The United States has launched a new military command for Africa in a move to better coordinate its presence on the continent, it said Tuesday.

The US Africa Command (AFRICOM) will run a single command post that will answer to the Pentagon on US military relations with 53 countries on the continent, it said in a statement.

In its first year, AFRICOM will operate under US European Command (EUCOM), based in the southwestern German city of Stuttgart, until it is a fully operational unified command by October next year.

The Pentagon's presence in Africa was previously managed by three regional commands.

The move comes amid heightened US military activities in the region aimed at denying new havens to militant groups aligned with Al-Qaeda.

Some 1,500 US troops are already in Djibouti, neighbouring Ethiopia and Somalia, on "anti-terror" operations in the Horn of Africa.

AFRICOM will provide security assistance to African countries, as well as helping them to build more professional militaries, the statement said.

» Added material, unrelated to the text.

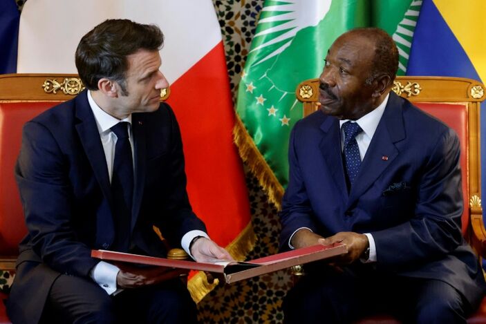 Fransız önder, başşehir Libreville’deki havalimanında Gabon Cumhurbaşkanı Ali Bongo Ondimba tarafından karşılandı.
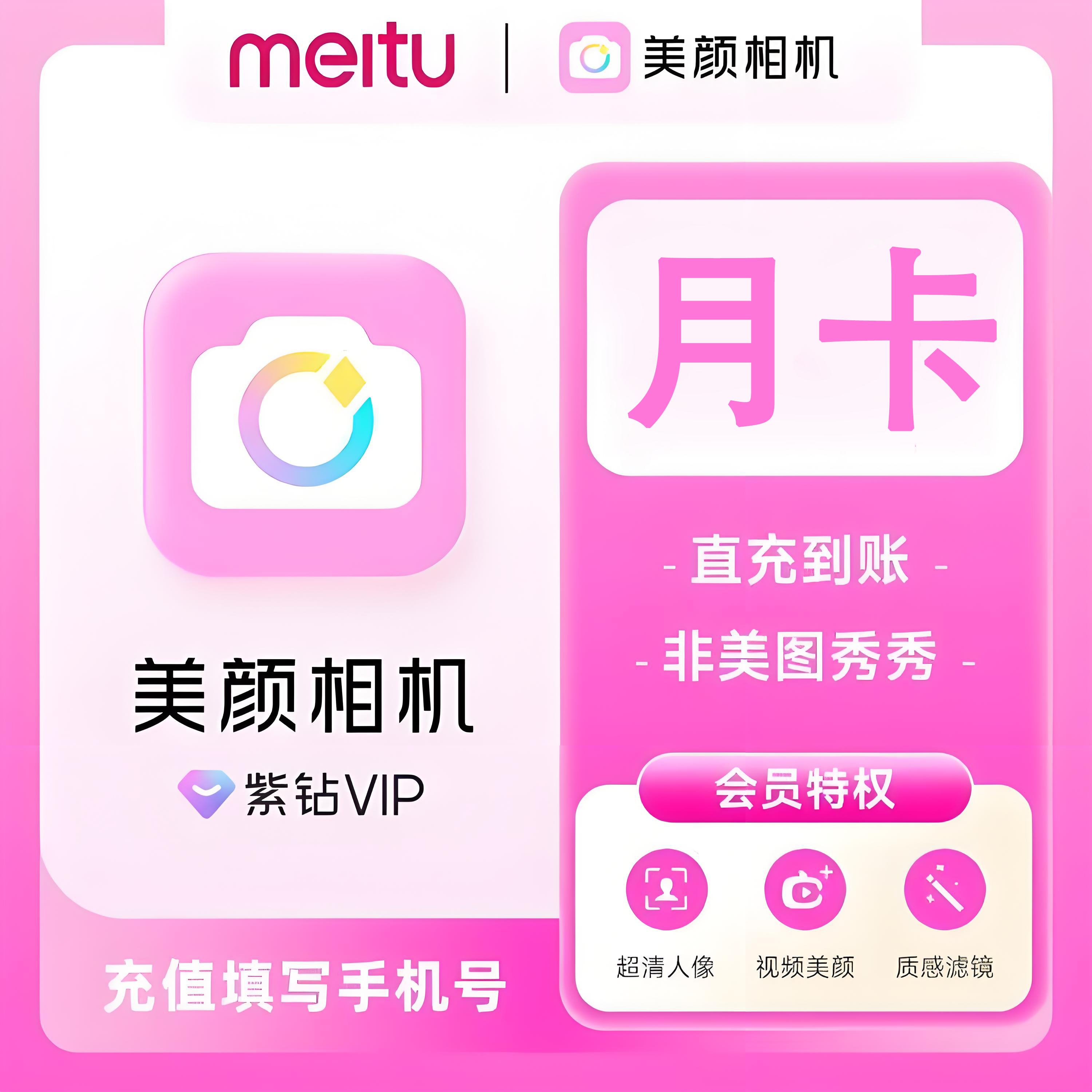 【官方直充】美颜相机紫钻会员1个月---限价14

It added that unlike other US military commands, AFRICOM would integrate staff members from other branches of the US government including the State Department and the US Agency for International Development.

Last month the Senate confirmed Army General William Ward, the US military's only serving African-American four-star general, as AFRICOM's first commander.

Ward has said that AFRICOM would seek to work closely with the African Union, regional African institutions and individual nations.

"A fundamental focus of the AFRICOM commander's engagement should include careful consideration of what our partners need from the US to help them develop to meet their stated needs," Ward told the Senate Armed Services Committee.